Supplied material Start Marker
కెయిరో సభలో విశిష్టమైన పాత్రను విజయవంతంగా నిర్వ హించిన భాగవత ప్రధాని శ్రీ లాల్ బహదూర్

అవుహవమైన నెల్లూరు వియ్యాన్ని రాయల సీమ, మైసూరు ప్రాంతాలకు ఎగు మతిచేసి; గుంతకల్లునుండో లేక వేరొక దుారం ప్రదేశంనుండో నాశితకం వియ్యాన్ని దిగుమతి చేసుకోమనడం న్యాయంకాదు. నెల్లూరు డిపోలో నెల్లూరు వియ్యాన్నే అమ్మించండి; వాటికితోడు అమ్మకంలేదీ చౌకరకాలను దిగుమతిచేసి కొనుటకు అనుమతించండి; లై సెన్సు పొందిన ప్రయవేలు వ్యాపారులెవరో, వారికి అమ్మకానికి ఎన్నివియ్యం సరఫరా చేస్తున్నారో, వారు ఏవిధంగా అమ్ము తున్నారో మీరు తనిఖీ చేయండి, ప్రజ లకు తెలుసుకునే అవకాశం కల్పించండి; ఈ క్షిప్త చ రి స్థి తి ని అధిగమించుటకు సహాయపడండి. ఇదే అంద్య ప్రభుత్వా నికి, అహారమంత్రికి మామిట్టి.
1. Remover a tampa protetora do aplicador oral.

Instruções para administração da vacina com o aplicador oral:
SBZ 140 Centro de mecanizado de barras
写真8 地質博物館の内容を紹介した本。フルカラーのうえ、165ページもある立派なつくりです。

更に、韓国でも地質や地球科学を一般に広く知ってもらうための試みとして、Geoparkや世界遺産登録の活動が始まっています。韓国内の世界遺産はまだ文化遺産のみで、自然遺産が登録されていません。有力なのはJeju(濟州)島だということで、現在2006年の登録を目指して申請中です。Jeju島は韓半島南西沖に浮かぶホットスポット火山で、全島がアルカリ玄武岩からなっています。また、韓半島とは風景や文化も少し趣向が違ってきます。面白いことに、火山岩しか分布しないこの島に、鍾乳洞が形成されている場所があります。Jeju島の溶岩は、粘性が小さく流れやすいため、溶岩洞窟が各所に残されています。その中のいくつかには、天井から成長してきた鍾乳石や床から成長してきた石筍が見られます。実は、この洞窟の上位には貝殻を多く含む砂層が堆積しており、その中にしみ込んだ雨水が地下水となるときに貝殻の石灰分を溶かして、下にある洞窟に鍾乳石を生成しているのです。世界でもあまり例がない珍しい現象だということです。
Supplied material End Marker
Problem to work on: All records above are to be output again exactly as they stand.

Response:
కెయిరో సభలో విశిష్టమైన పాత్రను విజయవంతంగా నిర్వ హించిన భాగవత ప్రధాని శ్రీ లాల్ బహదూర్

అవుహవమైన నెల్లూరు వియ్యాన్ని రాయల సీమ, మైసూరు ప్రాంతాలకు ఎగు మతిచేసి; గుంతకల్లునుండో లేక వేరొక దుారం ప్రదేశంనుండో నాశితకం వియ్యాన్ని దిగుమతి చేసుకోమనడం న్యాయంకాదు. నెల్లూరు డిపోలో నెల్లూరు వియ్యాన్నే అమ్మించండి; వాటికితోడు అమ్మకంలేదీ చౌకరకాలను దిగుమతిచేసి కొనుటకు అనుమతించండి; లై సెన్సు పొందిన ప్రయవేలు వ్యాపారులెవరో, వారికి అమ్మకానికి ఎన్నివియ్యం సరఫరా చేస్తున్నారో, వారు ఏవిధంగా అమ్ము తున్నారో మీరు తనిఖీ చేయండి, ప్రజ లకు తెలుసుకునే అవకాశం కల్పించండి; ఈ క్షిప్త చ రి స్థి తి ని అధిగమించుటకు సహాయపడండి. ఇదే అంద్య ప్రభుత్వా నికి, అహారమంత్రికి మామిట్టి.
1. Remover a tampa protetora do aplicador oral.

Instruções para administração da vacina com o aplicador oral:
SBZ 140 Centro de mecanizado de barras
写真8 地質博物館の内容を紹介した本。フルカラーのうえ、165ページもある立派なつくりです。

更に、韓国でも地質や地球科学を一般に広く知ってもらうための試みとして、Geoparkや世界遺産登録の活動が始まっています。韓国内の世界遺産はまだ文化遺産のみで、自然遺産が登録されていません。有力なのはJeju(濟州)島だということで、現在2006年の登録を目指して申請中です。Jeju島は韓半島南西沖に浮かぶホットスポット火山で、全島がアルカリ玄武岩からなっています。また、韓半島とは風景や文化も少し趣向が違ってきます。面白いことに、火山岩しか分布しないこの島に、鍾乳洞が形成されている場所があります。Jeju島の溶岩は、粘性が小さく流れやすいため、溶岩洞窟が各所に残されています。その中のいくつかには、天井から成長してきた鍾乳石や床から成長してきた石筍が見られます。実は、この洞窟の上位には貝殻を多く含む砂層が堆積しており、その中にしみ込んだ雨水が地下水となるときに貝殻の石灰分を溶かして、下にある洞窟に鍾乳石を生成しているのです。世界でもあまり例がない珍しい現象だということです。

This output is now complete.